# proof that a empty set is bounded

• Sep 17th 2009, 09:02 AM
jmheaney
proof that a empty set is bounded
prove/ disprove that every non empty subset of Q that is bounded above has a supremum in Q
• Sep 17th 2009, 09:27 AM
Plato
Quote:

Originally Posted by jmheaney
prove/ disprove that every non empty subset of Q that is bounded above has a supremum in Q

Consider the set: $\left\{ {x \in \mathbb{Q}^ + :x^2 < 2} \right\}$.
• Sep 17th 2009, 09:31 AM
HallsofIvy
Quote:

Originally Posted by jmheaney
prove/ disprove that every non empty subset of Q that is bounded above has a supremum in Q

??? You titled this "proof that an empty set is bounded"! This has nothing to do with the empty set!

Since that is false, a counter-example suffices.
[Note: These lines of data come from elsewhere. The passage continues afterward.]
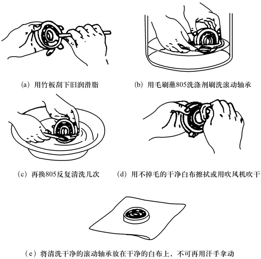 不同軸徑對(duì)應(yīng)的滾動(dòng)軸承的磨損許可值(4)滾動(dòng)軸承的清洗對(duì)拆下的舊滾動(dòng)軸承清洗的目的,是檢查滾動(dòng)軸承的質(zhì)量情況,以確定是否可繼續(xù)使用。建議采用805洗滌劑進(jìn)行清洗,首先將滾動(dòng)軸承內(nèi)的舊油用竹板刮凈,然后將805洗滌劑兌水(98%左右)加熱至60~70℃,就可用毛刷進(jìn)行清洗。采用805洗滌劑清洗滾動(dòng)軸承比用汽油或煤油的方法優(yōu)點(diǎn)是安全、無(wú)毒、節(jié)能、成本低。由于該洗滌劑具有暫時(shí)的防銹能力(能保持7天),所以不必?fù)?dān)心清洗后的滾動(dòng)軸承生銹。當(dāng)然除滾動(dòng)軸承外,對(duì)于滾動(dòng)軸承蓋、密封圈、轉(zhuǎn)動(dòng)配合部位以及端蓋滾動(dòng)軸承室等,均可用805洗滌劑進(jìn)行清洗,清洗后要擦干或吹干并涂上一層薄油。滾動(dòng)軸承的清洗方法如圖所示。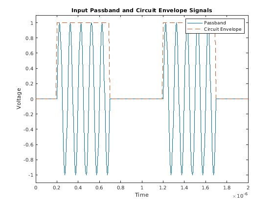 sim(model_pb); hline = plot(SPB_Data(:,1),SPB_Data(:,2),SCE_Data(:,1),SCE_Data(:,2),'--'); legend('Passband', 'Circuit Envelope') title('Input Passband and Circuit Envelope Signals') xlabel('Time') ylabel('Voltage') ylim([-1.1 1.1])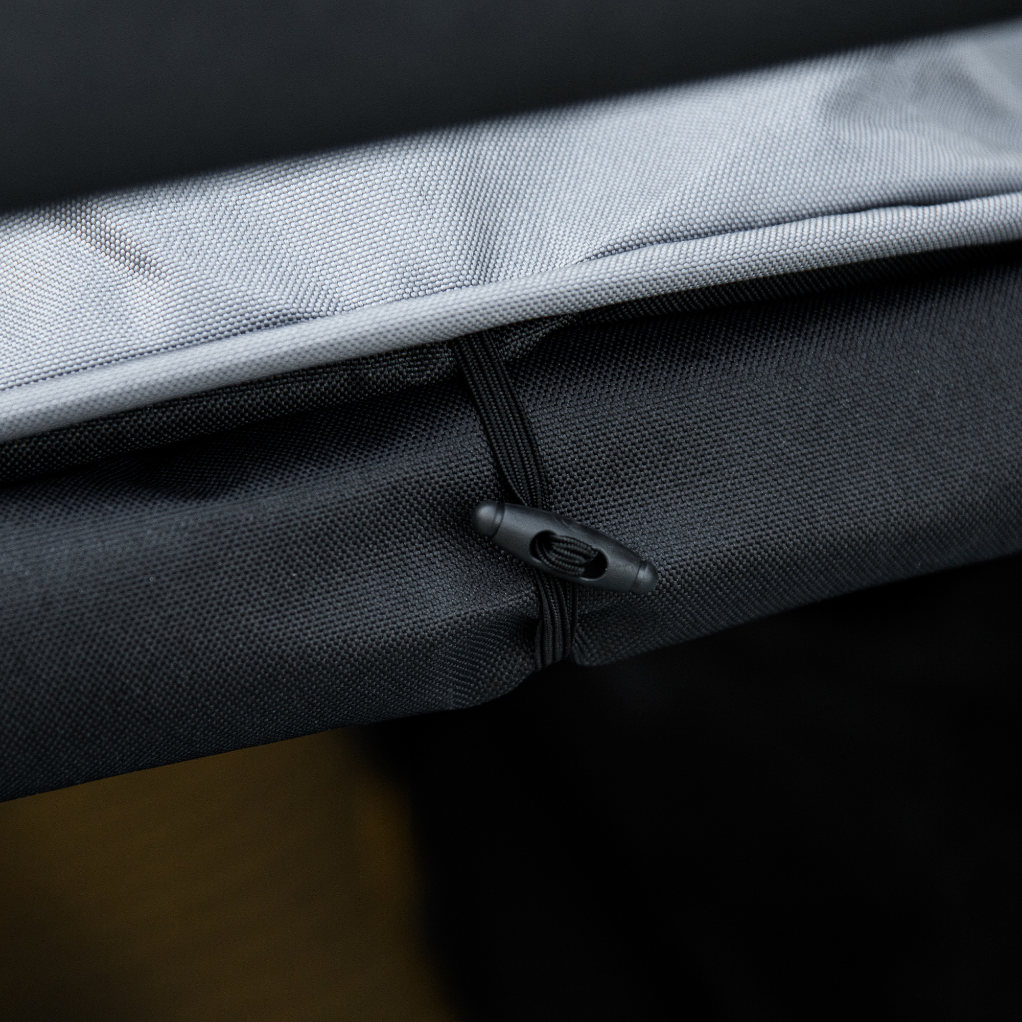 - - Ein in drei Positionen verstellbares Verdeck, Türen mit Reißverschluss und ein Netzfenster

Let A= {3, 3.1, 3.14, 3.141, 3.1415, 3.14159, ...} where each number in the sequence is $\pi$ to one more decimal place. Since the real numbers are "complete", this statement is true for R- there is a supremum in R. If this set had a supremum in Q, it would have to be the same as the supremum in R. What is the supremum of this set (in R). Is that a rational number?